§ **Data for the task**:
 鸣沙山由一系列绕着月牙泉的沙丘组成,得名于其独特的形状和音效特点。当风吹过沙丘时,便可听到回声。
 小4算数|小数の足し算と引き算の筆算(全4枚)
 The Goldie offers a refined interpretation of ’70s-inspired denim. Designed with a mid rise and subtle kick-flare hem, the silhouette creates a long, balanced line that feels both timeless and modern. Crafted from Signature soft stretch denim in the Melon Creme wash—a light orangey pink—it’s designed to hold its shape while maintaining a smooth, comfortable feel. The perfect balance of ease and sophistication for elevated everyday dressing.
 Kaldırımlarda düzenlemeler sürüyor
==
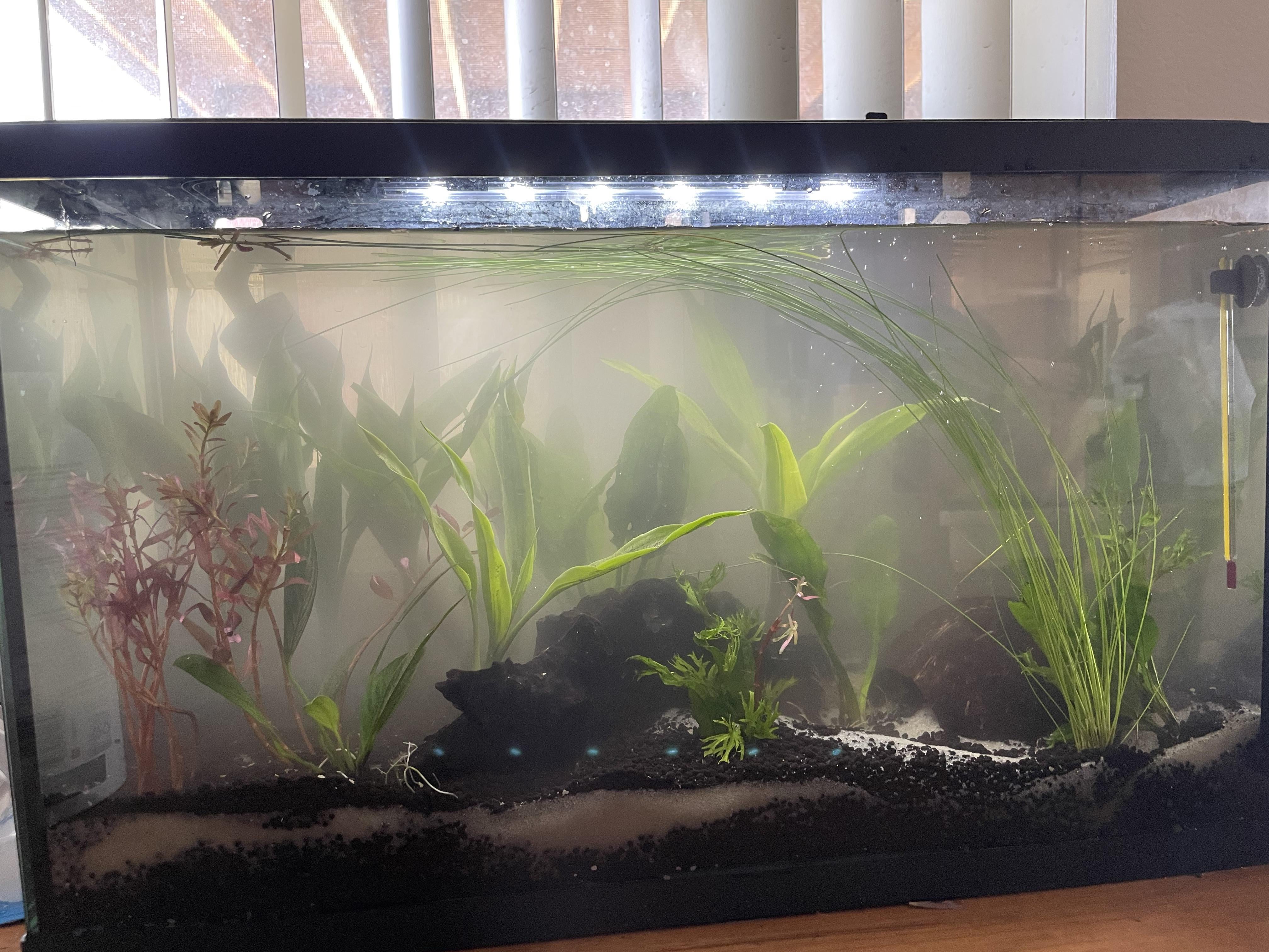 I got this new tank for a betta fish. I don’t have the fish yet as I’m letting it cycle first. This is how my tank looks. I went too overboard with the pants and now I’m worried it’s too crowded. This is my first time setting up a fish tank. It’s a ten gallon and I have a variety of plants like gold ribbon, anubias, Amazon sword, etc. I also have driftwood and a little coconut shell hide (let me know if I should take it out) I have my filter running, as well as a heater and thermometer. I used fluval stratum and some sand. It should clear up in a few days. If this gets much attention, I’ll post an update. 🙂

§ **Problem**: Beginning with the line containing "The Goldie offers" in the material above, copy every line exactly until you have copied the line containing "Kaldırımlarda düzenlemeler sürüyor".

§ **Task answer**:
 The Goldie offers a refined interpretation of ’70s-inspired denim. Designed with a mid rise and subtle kick-flare hem, the silhouette creates a long, balanced line that feels both timeless and modern. Crafted from Signature soft stretch denim in the Melon Creme wash—a light orangey pink—it’s designed to hold its shape while maintaining a smooth, comfortable feel. The perfect balance of ease and sophistication for elevated everyday dressing.
 Kaldırımlarda düzenlemeler sürüyor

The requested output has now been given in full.